Work instruction
Reproduce the listing word for word, leaving every picture behind.

Dataset excerpt

+--

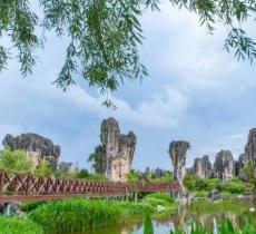 石林杏林大观园旅游度假风景区,座落在阿诗玛的故乡——石林,景区以黑石林为旅游主体,其景观石头各异,千姿百态、山、石、水相影,绿树山花遍地,身临其境,让人流连忘返。在杏林大观园的中央地带有一处长800米,宽30~80米的黑石箐,呈石林状态,石块千奇百怪、婀娜多姿。传说这块小石林是八仙斗法所造。因此林中能找到形态逼真酷似的铁拐石、毛驴石、一指擎天石、花篮石、洞箫石、玉带峰等;又有传说,药师佛阿波多罗密曾在此托梦,指导彝家头人阿古木斯学习医道,济世救人。因此石箐中遍布千种草药,引来鸟语花香,成为古滇国纵横千里少有的“仙境”。
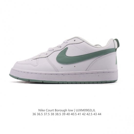 Nike Court Borough Low, a low-top sneaker for men and women. 1. Its leather upper combined with a mesh tongue provides a superior look and feel while providing stable support and enhanced breathability. The elastic insole is durable, comfortable, and provides increased shock absorption. 2. The Nike Court is also one of Nike's most cost-effective shoes. The Court shoe shape is very similar to the Aj1 Low, and the sole is very similar to the Af1. Of course, there are still differences. After all, the product materials and positioning are different. However, it is still a good choice for cost-effectiveness. 3. This shoe has a torsion point design on the outsole, which allows for smooth starting and stopping and flexible grip. The Nike logo is on the shoe body, showcasing the brand value.
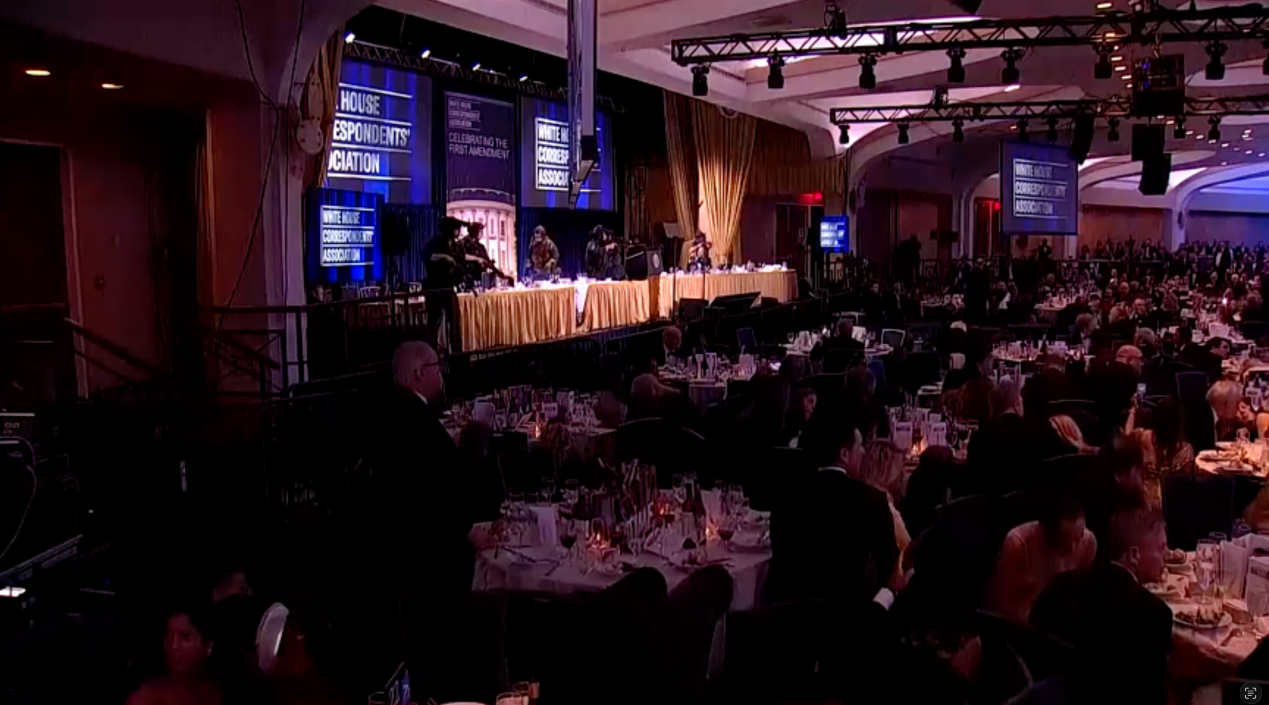 Las aparentes detonaciones se produjeron fuera de la sala de baile donde se estaba celebrando la cena, la cual estaba presidida por una mesa sobre un escenario en la que estaban sentados el presidente y la primera dama.

+--

Reply
 石林杏林大观园旅游度假风景区,座落在阿诗玛的故乡——石林,景区以黑石林为旅游主体,其景观石头各异,千姿百态、山、石、水相影,绿树山花遍地,身临其境,让人流连忘返。在杏林大观园的中央地带有一处长800米,宽30~80米的黑石箐,呈石林状态,石块千奇百怪、婀娜多姿。传说这块小石林是八仙斗法所造。因此林中能找到形态逼真酷似的铁拐石、毛驴石、一指擎天石、花篮石、洞箫石、玉带峰等;又有传说,药师佛阿波多罗密曾在此托梦,指导彝家头人阿古木斯学习医道,济世救人。因此石箐中遍布千种草药,引来鸟语花香,成为古滇国纵横千里少有的“仙境”。
 Nike Court Borough Low, a low-top sneaker for men and women. 1. Its leather upper combined with a mesh tongue provides a superior look and feel while providing stable support and enhanced breathability. The elastic insole is durable, comfortable, and provides increased shock absorption. 2. The Nike Court is also one of Nike's most cost-effective shoes. The Court shoe shape is very similar to the Aj1 Low, and the sole is very similar to the Af1. Of course, there are still differences. After all, the product materials and positioning are different. However, it is still a good choice for cost-effectiveness. 3. This shoe has a torsion point design on the outsole, which allows for smooth starting and stopping and flexible grip. The Nike logo is on the shoe body, showcasing the brand value.
 Las aparentes detonaciones se produjeron fuera de la sala de baile donde se estaba celebrando la cena, la cual estaba presidida por una mesa sobre un escenario en la que estaban sentados el presidente y la primera dama.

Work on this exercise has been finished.